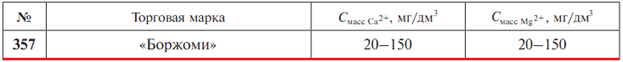 Задача 357 - Рассчитайте значение общей жесткости по приведенным в таблице массовым концентрациям Смасс ионов Ca2+ и Mg2+; укажите класс жесткости питьевой или природной минеральной воды известных торговых марок.
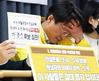 416연대 ‘차명진 OUT’ - 13일 서울 종로 대학로에 있는 416연대 대회의실에서 열린 ‘4·15 총선 정당-후보자 약속 운동 결과 발표 및 후보 19인 낙선 호소 기자회견’에서 한 세월호 유가족이 ‘차명진 OUT’ 팻말을 든 채 손으로 이마를 짚고 있다.뉴스1 |
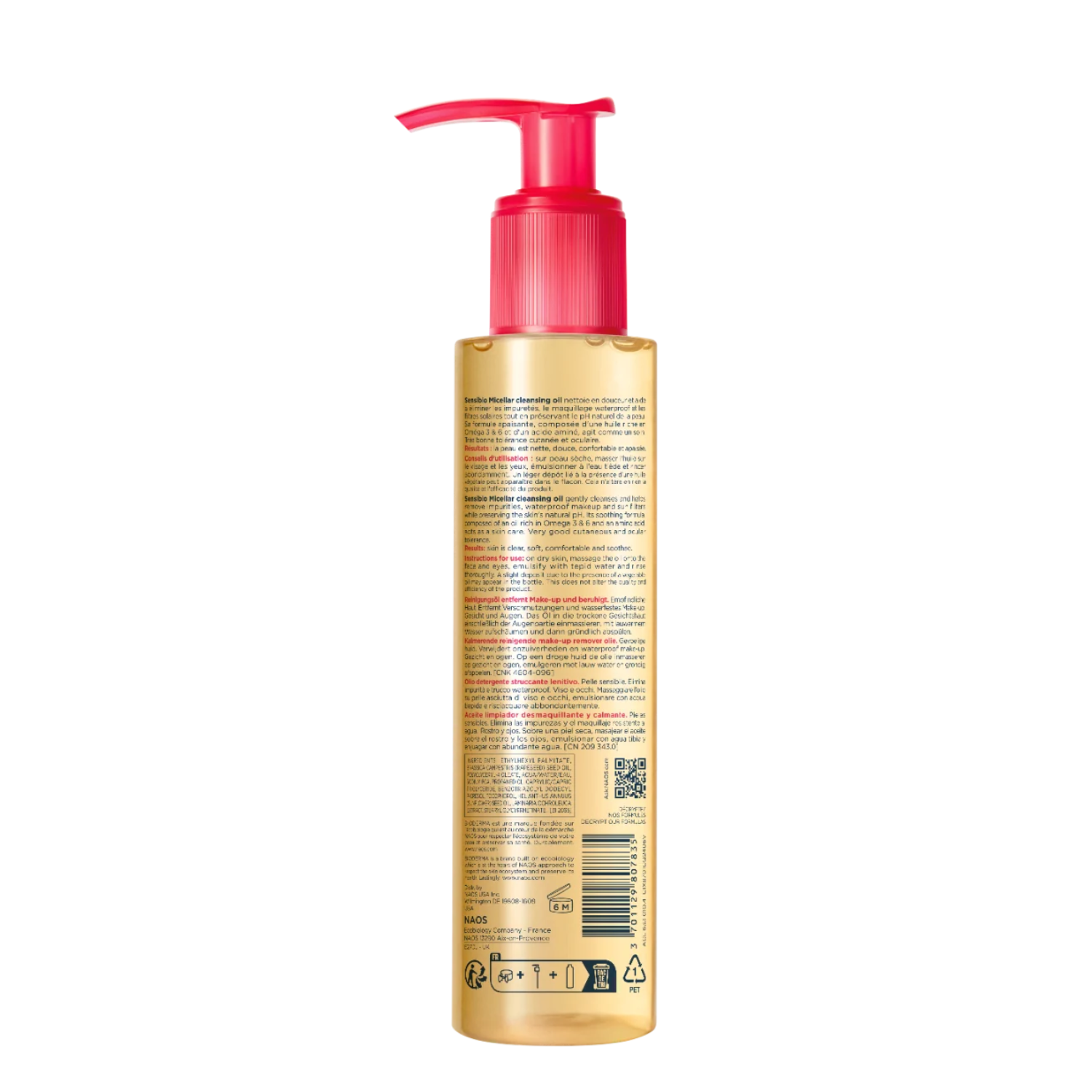 Bioderma ulei micelar de curățare Sensibio ajută la îndepărtarea impurităților, a machiajului rezistent la apă și a filtrelor solare din produsele de fotoprotecție păstrând în același timp pH-ul natural al pielii. Formula sa calmantă, compusă dintr-un ulei bogat in OMEGA 3 & 6 și un aminoacid, acționează ca un produs de îngrijire a pielii. Toleranță cutanată și oculară foarte bună.
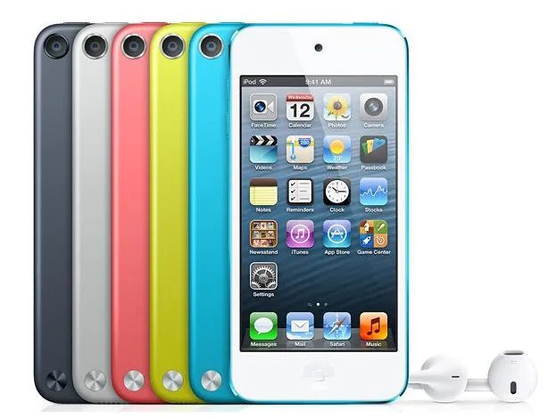2012年9月,苹果终于更新了一波产品线,发布了iPod nano 7和iPod touch 5,前者变得更加轻薄,又恢复到iPod nano的长条形状,加入了home键和蓝牙的支持,后者变成了类似iPhone 5的造型,由不锈钢后壳变为铝质后盖,拥有了更加多的配色。
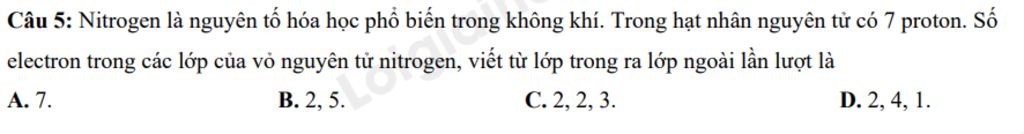 Câu 5: Nitrogen là nguyên tố hóa học phổ biến trong không khí. Trong hạt nhân nguyên tử có 7 proton. Số electron trong các lớp của vỏ nguyên tử nitrogen, viết từ lớp trong ra lớp ngoài lần lượt là
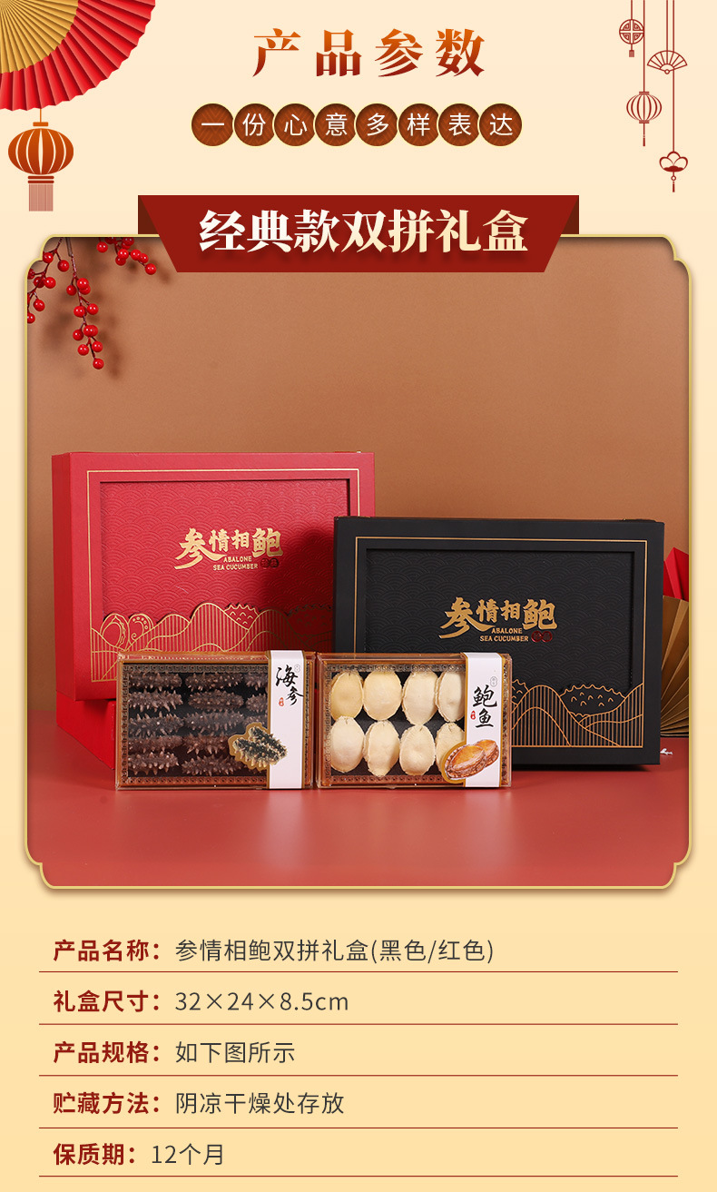 【山珍干货】大连特产 山珍海味海参鲍鱼干货双拼 礼盒装 送长辈领导

+-------+

Print the listing exactly. No pictures belong in the copy.

 Задача 357 - Рассчитайте значение общей жесткости по приведенным в таблице массовым концентрациям Смасс ионов Ca2+ и Mg2+; укажите класс жесткости питьевой или природной минеральной воды известных торговых марок.
 416연대 ‘차명진 OUT’ - 13일 서울 종로 대학로에 있는 416연대 대회의실에서 열린 ‘4·15 총선 정당-후보자 약속 운동 결과 발표 및 후보 19인 낙선 호소 기자회견’에서 한 세월호 유가족이 ‘차명진 OUT’ 팻말을 든 채 손으로 이마를 짚고 있다.뉴스1 |
 Bioderma ulei micelar de curățare Sensibio ajută la îndepărtarea impurităților, a machiajului rezistent la apă și a filtrelor solare din produsele de fotoprotecție păstrând în același timp pH-ul natural al pielii. Formula sa calmantă, compusă dintr-un ulei bogat in OMEGA 3 & 6 și un aminoacid, acționează ca un produs de îngrijire a pielii. Toleranță cutanată și oculară foarte bună.
2012年9月,苹果终于更新了一波产品线,发布了iPod nano 7和iPod touch 5,前者变得更加轻薄,又恢复到iPod nano的长条形状,加入了home键和蓝牙的支持,后者变成了类似iPhone 5的造型,由不锈钢后壳变为铝质后盖,拥有了更加多的配色。
 Câu 5: Nitrogen là nguyên tố hóa học phổ biến trong không khí. Trong hạt nhân nguyên tử có 7 proton. Số electron trong các lớp của vỏ nguyên tử nitrogen, viết từ lớp trong ra lớp ngoài lần lượt là
 【山珍干货】大连特产 山珍海味海参鲍鱼干货双拼 礼盒装 送长辈领导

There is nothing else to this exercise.